With the overall aim of developing methodologies and open-source code that can be extended and applied to other medical institutes, we wrote a scientific paper about one of the use cases we worked on.
We published this paper titled "Optimizing the Retrieval of the Vital Status of Cancer Patients for Health Data Warehouses by Using Open Government Data in France" in the magazine " IJERPH" for the special issue "The Revolution of Health Data Warehouses in Hospitals: From Theory to Practice".
Abstract
Electronic Medical Records (EMR) and Electronic Health Records (EHR) are often missing critical information about the death of a patient, although it is an essential metric for medical research in oncology to assess survival outcomes, particularly for evaluating the efficacy of new therapeutic approaches. We used open government data in France from 1970 to September 2021 to identify deceased patients and match them with patient data collected from the Institut de Cancérologie de l'Ouest (ICO) data warehouse (Integrated Center of Oncology-the third largest cancer center in France) between January 2015 and November 2021. To meet our objective, we evaluated algorithms to perform a deterministic record linkage: an exact matching algorithm and a fuzzy matching algorithm. Because we lacked reference data, we needed to assess the algorithms by estimating the number of homonyms that could lead to false links, using the same open dataset of deceased persons in France. The exact matching algorithm allowed us to double the number of dates of death in the ICO data warehouse, and the fuzzy matching algorithm tripled it. Studying homonyms assured us that there was a low risk of misidentification, with precision values of 99.96% for the exact matching and 99.68% for the fuzzy matching. However, estimating the number of false negatives proved more difficult than anticipated. Nevertheless, using open government data can be a highly interesting way to improve the completeness of the date of death variable for oncology patients in data warehouses.

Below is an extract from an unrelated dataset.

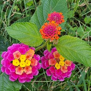ランタナ 〘今日のお花〙 先日、公園散歩中まだまだ 現役で可愛く咲いていました…。

You can find the full paper here.
Everything was going well until ICO hired a new project manager for the Data Factory. This person failed to understand and adapt to the company, making too many sub optimal decisions, partnering with the wrong third parties, and wasn’t able to prioritize the team’s tasks properly. This led to a slow breakdown of the project until it wasn’t possible to work on anything at all.
Thus we ended up quitting in May 2022. While I’m glad about the opportunity we had and all the things we could learn along the way, I’m personally very disappointed how our relationship shaded and I wish that one day we can come back in different circumstances and finish what we started.